Seven months after their world was shaken, the owners of Gort’s Gouda cheese farm are still working to get their business back on solid ground.
“It’s been a tough haul. We’re working hard at rebounding, it’s looking positive. It’s going to be a long haul, but that’s okay,” said Kathy Wikkerink, who owns the farm with her spouse Gary.
In February, the Canadian Food Inspection Agency issued a report on its food safety investigation at the farm. It was initiated on Sept. 14, 2013 following a cluster of E.coli 0157:H7 illnesses that were believed to be related to consumption of cheese products from Gort’s.
Twenty-one people were eventually reported with E.coli-related illness and recovered, while one woman died.

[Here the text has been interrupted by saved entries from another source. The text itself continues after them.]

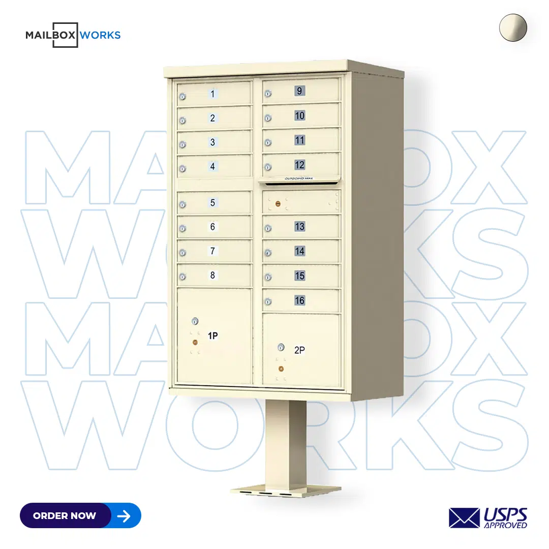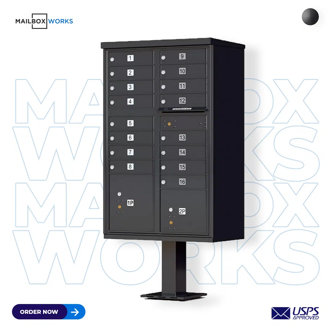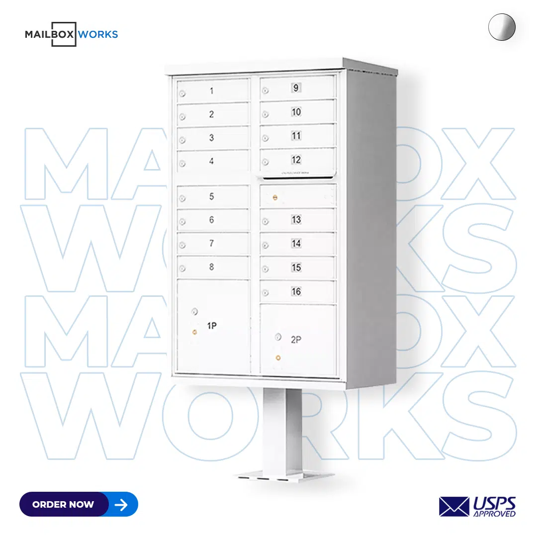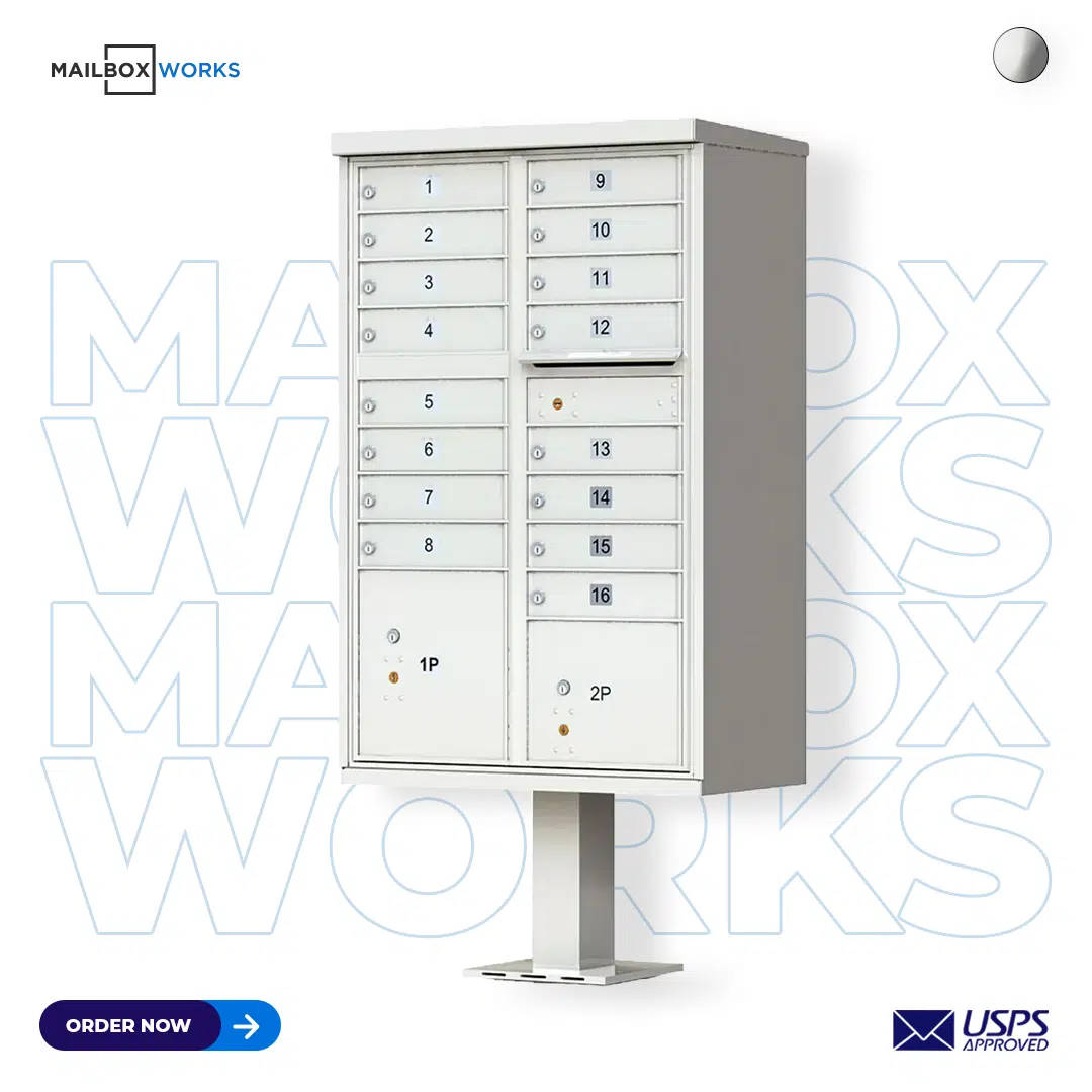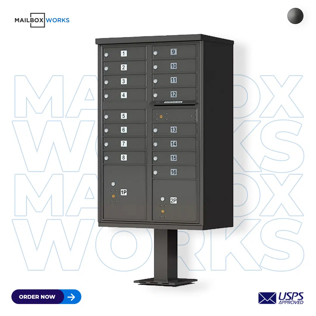 16 Tenant Door CBU Mailbox – USPS Approved (Includes Pedestal)
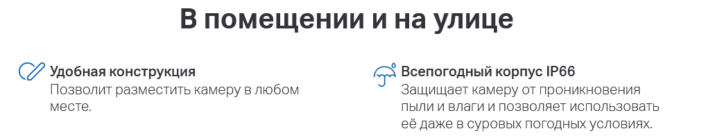 Всепогодный корпус Степень пыле- и влагозащиты корпуса IP66 позволит использовать камеру даже в самых суровых погодных условиях. |
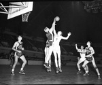 Texas Christian University (TCU) vs. Texas Agricultural & Mechanical University (TAMU) basketball game with Don Volding and Nolan Weeks. In the picture TAMU's Volding (30) and TCU's Weeks (7) battle to reach ball on a Saturday night's game at Will Rogers Memorial Coliseum. TCU won the game 46-41. There are other unidentified players on the court and all players are wearing their school's jersey, sock with sneakers and some players have knee pads. In the background is the audience watching and the basketball net to the left of the picture hanging from the backboard. Published in the Fort Worth Star-Telegram morning edition, February 23, 1948.
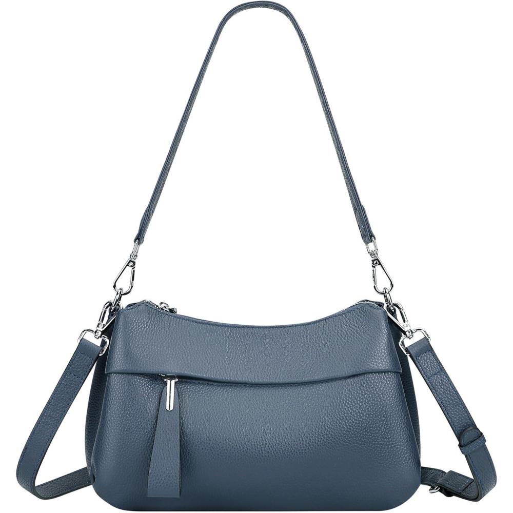 OVER EARTH Genuine Leather Crossbody Bags for Women Small Crossbody Handbag Shoulder Purses with 2 Detachable Straps(03-indigo Blue)

Pinpointing the contamination couldn’t be done.
“Despite extensive efforts, the CFIA concluded that there was no evidence available to confirm the source of the E. coli O157:H7 contamination,” states the report.
“The CFIA identified areas for improvements at the processing facility and requested Gort’s Gouda Cheese Farm to submit a corrective action plan. The company was requested to make enhancements in sanitation practices, equipment design and building maintenance.”
It adds that, “all food safety concerns identified during the investigation have been corrected. Gort’s Gouda Cheese Farm corrected other administrative and non-food safety related issues within accepted time frames.”
Kathy says the bulk of the requirements for the business involved paper work, “bigger paper trails.”
Under “root cause analysis,” the report points to raw milk cheese products.
“Overall evidence indicated that there were a number of opportunities for contamination to occur in the earlier stages of the raw milk cheese manufacturing process.
“The potential for contamination during cutting, handling and packaging was also found to be a possible risk factor.”